Изменить стиль страницы

Было еще две встречи — одна на расстоянии и одна в памяти.

В 1943 году Слонимский напечатал положительную рецензию на лучшую книгу Федина «Горький среди нас»[947], вскоре после этого подвергнутую разносу. Тогда-то Павленко, выступая в Союзе писателей, и назвал книгу Федина «клеветой»[948]

В 1965-м вышла «Книга воспоминаний» М. Слонимского с очерком о Павленко «На буйном ветру». Есть в этом очерке и проницательные замечания («Веселости в нем было много, но легкомыслия не замечалось»), и слова, на которые можно немало возразить («Не помню случая, чтобы острое словцо привело его к несправедливому поступку»). Общий вывод очерка уныло риторичен, чтобы описать фигуру нестандартного героя: «Павленко шел по глубокому руслу жизни, по главной ее магистрали»[949]. Жаль, что Слонимский не написал о Павленко того, что думал, как он написал в стол о Фадееве…

История одной любви

(Елизавета Полонская и Илья Эренбург)

Восемнадцатилетние политэмигранты Елизавета Полонская и Илья Эренбург познакомились в Париже зимой 1908–1909 годов. Их роман длился около года, но он осветил почти 60 лет их последующей дружбы (уже перед смертью они обменялись последними признаниями в этом)… Переписка, которую Эренбург и Полонская вели сорок пять лет[950], позволяет довольно определенно проследить подробности их взаимоотношений, но документов о романе 1909 года уцелело совсем немного…

Встреча

Обстоятельства, приведшие к встрече юных Эренбурга и Полонской (Е. Г. Мовшенсон стала Полонской в 1916 году, после замужества, но мы здесь, как правило, будем для удобства пользоваться ее второй фамилией, под которой она вошла в литературу), эти обстоятельства оказались вполне типичными для молодежи их среды и того времени — политическая эмиграция с целью избежать преследования в России за подпольную революционную работу.

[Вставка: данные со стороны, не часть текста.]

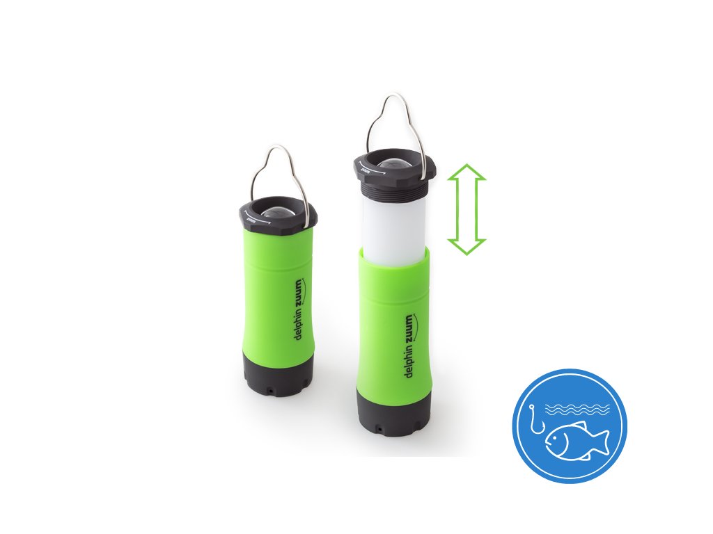 Příruční svítidlo, bez kterého se odteď neobejde žádná vaše vycházka k vodě. Delphin ZUUM je díky kompaktním rozměrům lehko přenosný a díky své multifunkčnosti přímo nenahraditelný společník za zhoršených světelných podmínek. Je ho možné použít jako klasické svítidlo do ruky, kdy světlo svítí přímým směrem z otočné hlavice. Pootočením je ale možné povytáhnout středovou část a udělat tak z baterky svítilnu. Tato svítilna sama stojí a navíc díky profilovanému drátěnému háčku ji můžete bez problémů i zavěsit. Tím ale výčet vlastností stále nekončí. Samotná LED dioda ve vnitřku má tři úrovně svícení: silné světlo, tlumené světlo a blikající stroboskop. Možnosti Delphin ZUUM jsou tedy nekonečné, od klasického ručního svítidla přes závěsnou svítilnu, světlo do bivaku, poziční světlo... ZUUM je nabízený ve 3 barevných provedeních těla: zelená, oranžová a modrá. Technické parametry: Rozměr: 10x4x4cm Napájení: 3xAAA Svítidlo Delphin ZUUM je do prodejen dodávané v pultových plnobarevných prezentérech, přižemž každý obsahuje 18ks svítidla (6x zelené, 6x oranžové a 6x modré).Doplňkové parametry
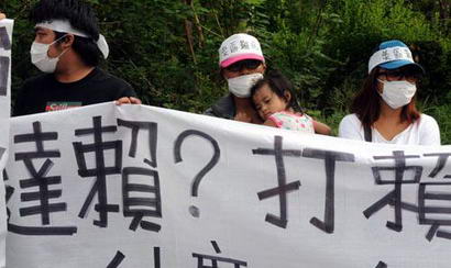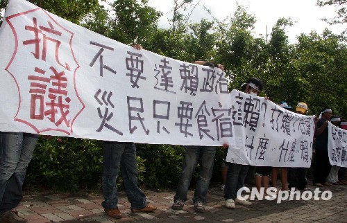 8月31日上午,來自屏東霧臺鄉(xiāng)等地的部分“88水災(zāi)”受災(zāi)民眾,打著橫幅在達(dá)賴?yán)锵麻降母咝凼猩徧稌^外抗議。中新社發(fā) 董會峰 攝

Лиза Мовшенсон вошла в марксистский кружок в 1905 году в Берлине, куда, опасаясь погромов, ее семья бежала из Польши. Она была увлечена модным марксизмом, слушала складные объяснения всех мировых вопросов: кто виноват, почему, что делать и как. Когда семья Мовшенсонов перебралась в Петербург, у Лизы уже были адреса явок, и учебу в гимназии она легко сочетала с подпольной работой. В 1907-м она не раз сопровождала на собрания Л. Б. Каменева и даже повидала в Териоках Ленина.

Лиза была умной и самостоятельной девушкой и оголтелой фанатичкой не стала — этому помешала и присущая ей ироничность: именно она уберегла Лизу Мовшенсон от того, чтобы сделаться «профессиональной революционеркой». Ей удалось закончить гимназию (училась она всегда отлично), но дальше уже арест замаячил с немалой вероятностью (власти, оправившись от потрясения 1905 года, железно расправлялись со всеми революционерами), и в сентябре 1908 года Лиза уехала в Париж. Её главная цель — получить высшей образование; будущая специальность определилась давно — медицина. Однако, отправляясь в Париж, Лиза зашила в подкладку пальто письмо-рекомендацию парижской группе русских социал-демократов: его написала секретарь петербургского комитета большевиков Е. Д. Стасова — так что порывать с революцией в планы не входило.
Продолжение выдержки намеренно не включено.